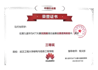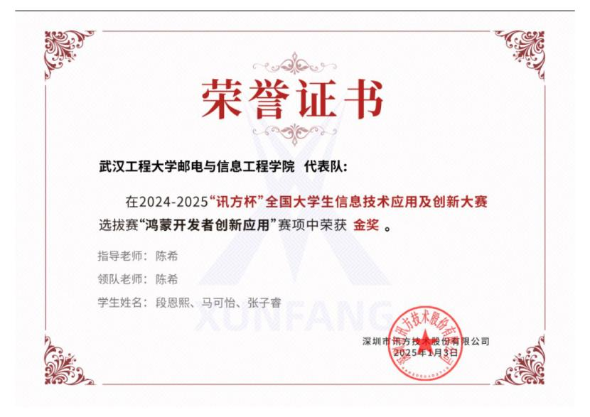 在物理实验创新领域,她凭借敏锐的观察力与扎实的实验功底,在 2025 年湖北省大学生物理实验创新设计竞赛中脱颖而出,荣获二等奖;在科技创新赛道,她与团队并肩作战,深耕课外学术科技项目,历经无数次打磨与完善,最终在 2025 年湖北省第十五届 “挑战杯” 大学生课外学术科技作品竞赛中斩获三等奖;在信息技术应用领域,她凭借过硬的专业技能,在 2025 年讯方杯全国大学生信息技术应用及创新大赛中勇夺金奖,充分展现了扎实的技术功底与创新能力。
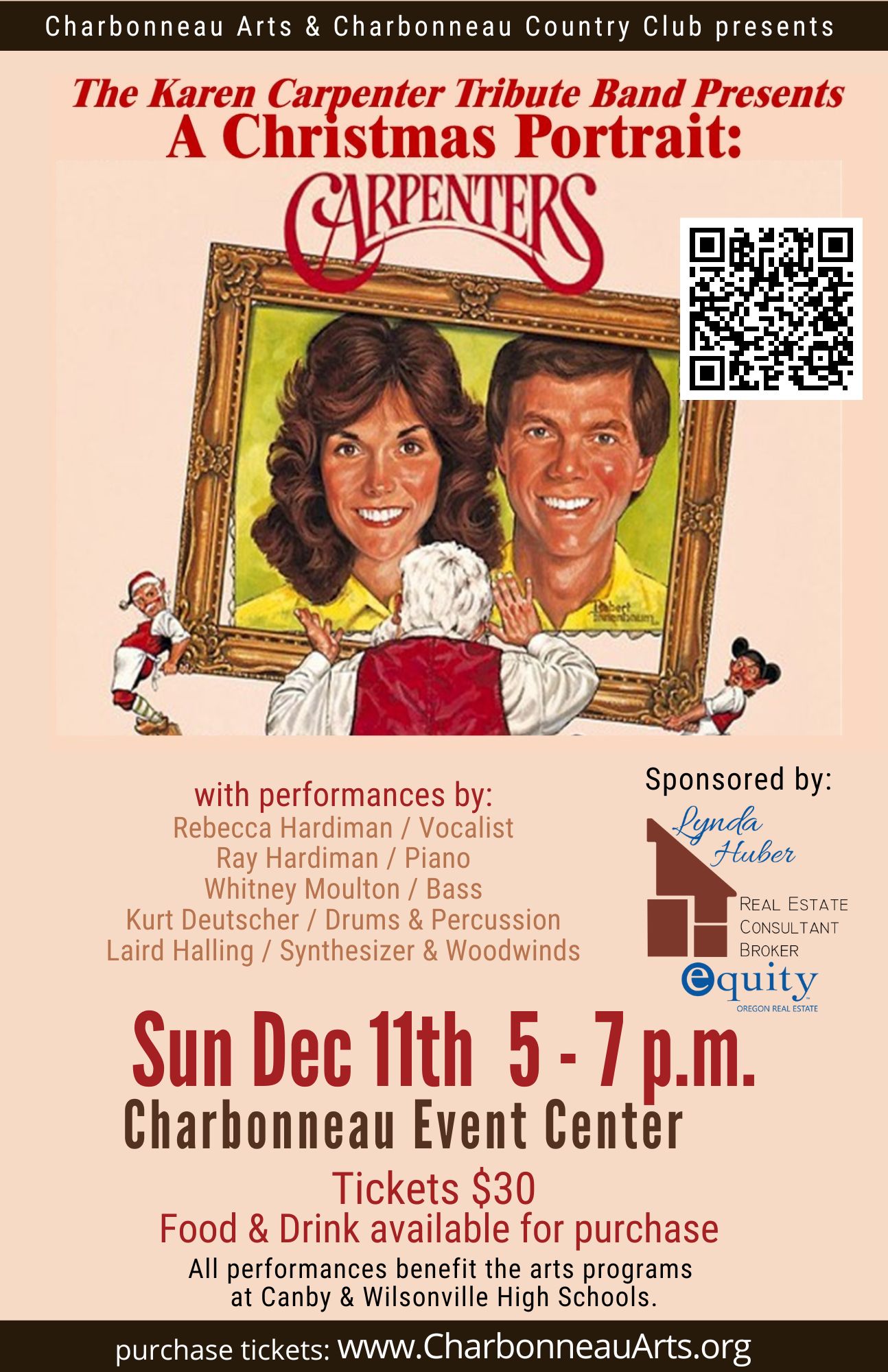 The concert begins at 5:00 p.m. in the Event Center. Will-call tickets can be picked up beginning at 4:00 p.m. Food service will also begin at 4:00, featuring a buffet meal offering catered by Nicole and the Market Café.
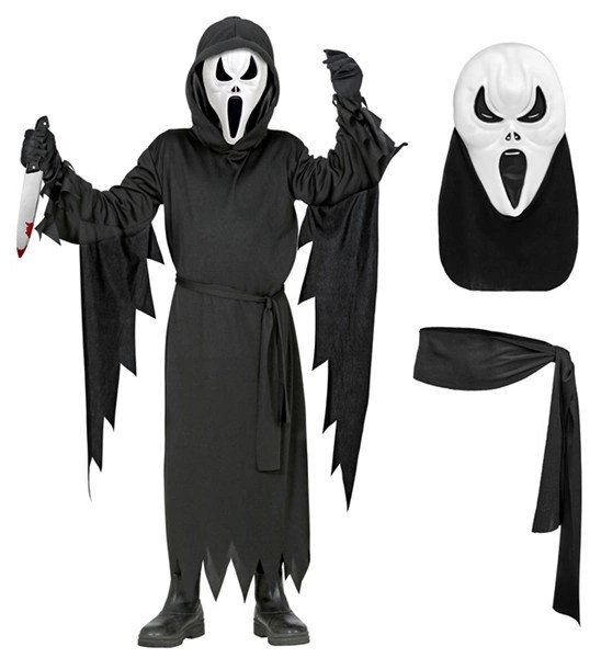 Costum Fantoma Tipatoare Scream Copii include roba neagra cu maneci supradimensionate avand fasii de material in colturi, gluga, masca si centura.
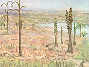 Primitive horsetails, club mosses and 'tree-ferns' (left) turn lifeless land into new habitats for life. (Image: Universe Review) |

------------

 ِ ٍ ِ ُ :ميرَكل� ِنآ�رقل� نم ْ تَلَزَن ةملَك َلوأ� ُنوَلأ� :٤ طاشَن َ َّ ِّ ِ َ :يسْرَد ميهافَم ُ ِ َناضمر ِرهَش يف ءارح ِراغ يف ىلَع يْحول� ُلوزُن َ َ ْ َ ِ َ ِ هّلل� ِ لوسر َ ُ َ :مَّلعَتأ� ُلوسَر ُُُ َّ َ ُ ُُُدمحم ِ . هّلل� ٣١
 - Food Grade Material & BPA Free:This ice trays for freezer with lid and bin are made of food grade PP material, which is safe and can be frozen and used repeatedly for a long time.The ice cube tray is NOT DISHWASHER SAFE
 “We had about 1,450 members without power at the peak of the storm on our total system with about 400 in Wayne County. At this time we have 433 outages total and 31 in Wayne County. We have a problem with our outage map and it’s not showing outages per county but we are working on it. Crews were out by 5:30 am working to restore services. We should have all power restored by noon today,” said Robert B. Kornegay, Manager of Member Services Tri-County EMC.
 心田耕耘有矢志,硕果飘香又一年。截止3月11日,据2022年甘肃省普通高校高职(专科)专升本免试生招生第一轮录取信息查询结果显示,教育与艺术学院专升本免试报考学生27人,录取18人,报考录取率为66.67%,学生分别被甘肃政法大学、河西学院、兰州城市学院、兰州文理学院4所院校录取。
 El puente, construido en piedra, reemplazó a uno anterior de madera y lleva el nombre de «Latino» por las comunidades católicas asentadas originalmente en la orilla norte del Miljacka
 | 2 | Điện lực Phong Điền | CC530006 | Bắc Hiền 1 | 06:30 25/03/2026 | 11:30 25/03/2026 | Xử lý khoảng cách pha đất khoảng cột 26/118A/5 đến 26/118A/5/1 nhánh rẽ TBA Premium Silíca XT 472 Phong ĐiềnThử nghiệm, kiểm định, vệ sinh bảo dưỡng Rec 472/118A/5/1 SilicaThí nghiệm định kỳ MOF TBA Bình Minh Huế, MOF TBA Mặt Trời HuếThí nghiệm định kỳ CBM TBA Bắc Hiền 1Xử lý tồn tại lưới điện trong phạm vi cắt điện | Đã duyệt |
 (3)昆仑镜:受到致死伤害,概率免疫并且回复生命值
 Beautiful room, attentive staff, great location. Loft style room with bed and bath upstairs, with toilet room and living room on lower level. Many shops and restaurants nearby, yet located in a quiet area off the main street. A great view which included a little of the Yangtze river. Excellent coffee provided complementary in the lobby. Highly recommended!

------------

Report every line above that has the string "with" in it.

**Response to the task**
 - Food Grade Material & BPA Free:This ice trays for freezer with lid and bin are made of food grade PP material, which is safe and can be frozen and used repeatedly for a long time.The ice cube tray is NOT DISHWASHER SAFE
 “We had about 1,450 members without power at the peak of the storm on our total system with about 400 in Wayne County. At this time we have 433 outages total and 31 in Wayne County. We have a problem with our outage map and it’s not showing outages per county but we are working on it. Crews were out by 5:30 am working to restore services. We should have all power restored by noon today,” said Robert B. Kornegay, Manager of Member Services Tri-County EMC.
 Beautiful room, attentive staff, great location. Loft style room with bed and bath upstairs, with toilet room and living room on lower level. Many shops and restaurants nearby, yet located in a quiet area off the main street. A great view which included a little of the Yangtze river. Excellent coffee provided complementary in the lobby. Highly recommended!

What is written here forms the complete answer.